By: Steve Irvine,

The advice came during Neal Tisher’s orientation session this past summer as she headed into the first days of medical school at UAB. Maintain the  extracurricular activities that you love, the students were told.

Tisher followed that advice, even though her extracurricular activity is rather unique.

“I would assume most kids in medical school probably hit the gym and hit the treadmill or bike or something to try to relieve stress or try to stay healthy,” said UAB women’s track and field head coach Kurt Thomas. “Well, hers is pole vaulting. That’s kind of where I fit in her world.”

Pole vaulting is much more than a hobby for Tisher, who joined the UAB track team for her final season of eligibility as a graduate transfer. The Mobile native won multiple state pole vault championships at St. Paul’s Episcopal High School, as well as claiming state titles in the heptathlon and 100 and 300 meter hurdles, and was a pole vault standout at Ole Miss. She earned All-America honorable mention in both indoor and outdoor track while at Ole Miss and set school pole vault records in indoor (13 feet, 11 inches) and outdoor (13-9.75).

Tisher had a year of college eligibility remaining after missing her senior season at Ole Miss because of shoulder problems. She hurt her rotator cuff late in her junior season, just before competing in the NCAA Regionals, and wasn’t cleared to compete until the summer after her senior season ended. She applied to medical school at UAB but was prepared to go back to Ole Miss for one final season if she wasn’t accepted.  Her acceptance to UAB, however, meant her pole vaulting career, which began when she was in the 7th grade, was over.

“I thought I had to quit track and I was devastated,” Tisher said. “I’m not going to lie, I cried. When you quit it, that’s when you realize how much it means to you. I was like ‘What am I going to do?’”


She hadn’t considered the option of continuing track and field until a conversation with former Ole Miss hurdler Lee Moore, who was attending medical school in Tennessee. He asked if she had thought about competing at UAB with her final year of eligibility. Thomas said he heard Tisher was coming to UAB for medical school and might be interested in joining the team. Tisher eventually reached out to Thomas about the possibility.

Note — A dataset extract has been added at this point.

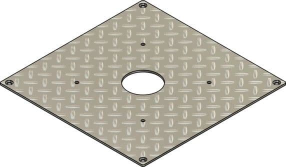 Asennuslevy E-fundament Modula 600x600mm:lle. Valmis rei'itys Kempower-satelliittilatureille, joiden keskireikä on 110Ø. Asennuslevy sopii seuraaviin Modula-perustuksiin: 5229095 (Modula 600x600x600).

“I told her get to Birmingham first and check out how the first couple weeks of classes go,” Thomas said. “Their medical school classes started late July and early August. I told her come late August, come talk to me and we’ll try to figure everything else out. I wanted to set her mind at ease, I am willing to work with you but, at the same time, it’s not the same as undergrad. I kind of knew that going in.”

The challenges of medical school are substantial. Mix in the rigors of being a college student-athlete and doing both takes a special person and an understanding coach. Tisher’s school obligations often changes weekly and the hours are grueling. At times, she can’t make it to practice sessions with the team so she adapts. She might do her workout at the UAB campus Recreation Center, which is close to where she does most of her school work, or find another time to squeeze in a practice.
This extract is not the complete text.